LTCs do accept Medicare/Medicaid (federal funds) so the government at least looks at what they charge but if they can provide spreadsheets and invoices during their audits (which are not as thorough or as frequent as I would like but that is another story as the government can't get experienced accountants because the government can't match the salaries of accounting firms) they may get a bit more in Medicaid funding but it will never match private pay. Medicare is going to pay the approved sum for approved skilled nursing/rehab (also less than private pay).
In all honesty, their costs probably have increased dramatically as everything has gone up. When eggs when from $2.00 per dz. to $4.89/dz many of us simply decreased our use of eggs but you can't do that in an AL or LTC so you can imagine what that kind of increase on the level of feeding 80 people can do. Now they have (supposedly) increased the amount they pay to try to attract LPNs and RNs although in NJ ALs do not have to have an RN on site as long as they have 24 access to one but they have to pay her (or her agency) something for the access. I have yet to see them increase the amount of money they pay CNAs who do the real "grunt" work (changing diapers, feeding, doing laundry) or the kitchen staff. So yes............. they remain incredibly understaffed in some key positions because the income that doesn't flow to the owners goes to administration, marketing and maintaining the beautiful buildings. I don't deny the owners a profit.... I just would like to see the profit a bit more evenly distributed.
Aside: I am attempting to start a "caring community" in my area, where people striving to care for themselves healthfully, also strive to help each other - with information, sharing equipment, helping as they can, developing relationships with a nursing agency and other helpers, etc. I see this as a model that could be useful for many of us entering our last laps.
In most instances they can do raises as they deem appropriate and necessary, and the resident has to decide whether to stay or to move to another facility.
POA may request a meeting with administration to discuss any raises; this may help.
I would try to find out from other local facilities what their rate is.

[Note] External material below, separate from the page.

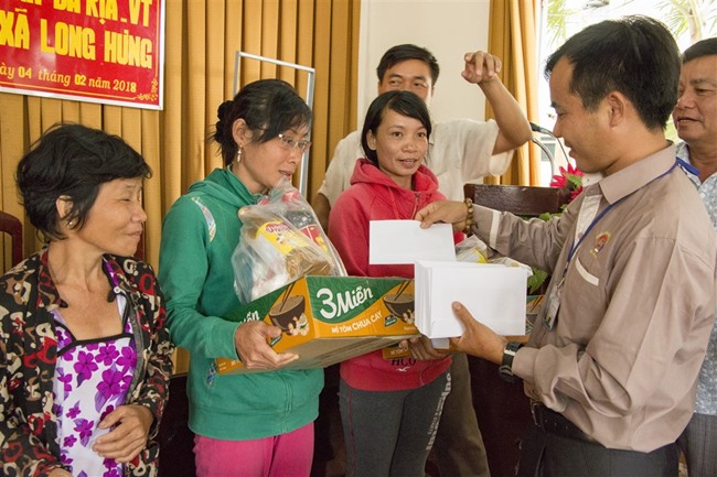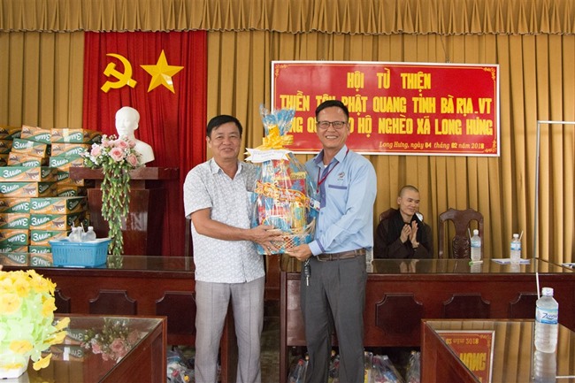 Theo đó, 100 phần quà tết cho các hộ nghèo trong xã Long Hưng được đại diện chính quyền và Hội từ thiện trao tận tay cho bà con. Mỗi phần quà trị giá 500.000 VNĐ, bao gồm 10kg gạo, 1 thùng mì gói cùng các nhu yếu phẩm khác và một bao thư tiền mặt 200.000 đồng.

Generally a geographic area tends to have rates that are somewhat comparable. Rates tend to be higher in areas that are closer to more major cities with rates lower in more rural areas.

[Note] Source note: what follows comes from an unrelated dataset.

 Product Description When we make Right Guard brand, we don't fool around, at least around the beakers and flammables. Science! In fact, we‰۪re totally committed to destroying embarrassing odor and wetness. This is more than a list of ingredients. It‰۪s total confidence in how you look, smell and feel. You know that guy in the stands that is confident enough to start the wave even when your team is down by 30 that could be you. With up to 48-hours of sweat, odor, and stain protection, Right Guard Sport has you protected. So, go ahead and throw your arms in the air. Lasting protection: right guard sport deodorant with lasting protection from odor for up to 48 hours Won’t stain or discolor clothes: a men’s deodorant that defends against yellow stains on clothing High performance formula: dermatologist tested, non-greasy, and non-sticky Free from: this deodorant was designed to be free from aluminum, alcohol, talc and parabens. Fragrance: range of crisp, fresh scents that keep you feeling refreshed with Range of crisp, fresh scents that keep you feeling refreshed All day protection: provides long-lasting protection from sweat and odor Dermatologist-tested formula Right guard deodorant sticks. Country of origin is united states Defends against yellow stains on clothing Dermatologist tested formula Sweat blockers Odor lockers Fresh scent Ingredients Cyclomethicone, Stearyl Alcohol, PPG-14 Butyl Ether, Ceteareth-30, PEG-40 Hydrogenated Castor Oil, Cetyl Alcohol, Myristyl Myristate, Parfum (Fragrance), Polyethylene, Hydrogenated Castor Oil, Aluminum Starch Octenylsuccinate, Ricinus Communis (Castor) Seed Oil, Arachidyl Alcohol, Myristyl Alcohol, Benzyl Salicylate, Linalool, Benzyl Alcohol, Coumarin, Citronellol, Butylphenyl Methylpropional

Perhaps if you choose to investigate this you ideally might find a facility with availability that has a lower rate. Of course you would have to feel positive about that place.
I moved my mother last September to a preferable place when there was an open bed. She just passed the end of April. This facility had not yet been completed when I began my search before we officially moved here. The cost was higher but not greatly so and there was a great difference in personnel, food and cleanliness both in attending to her and her clothing but also how the room was kept.
I hope you might find some solutions. I know how difficult it is in general to have someone in a facility especially when there are factors that seem unfair or prove to be a difficult fit.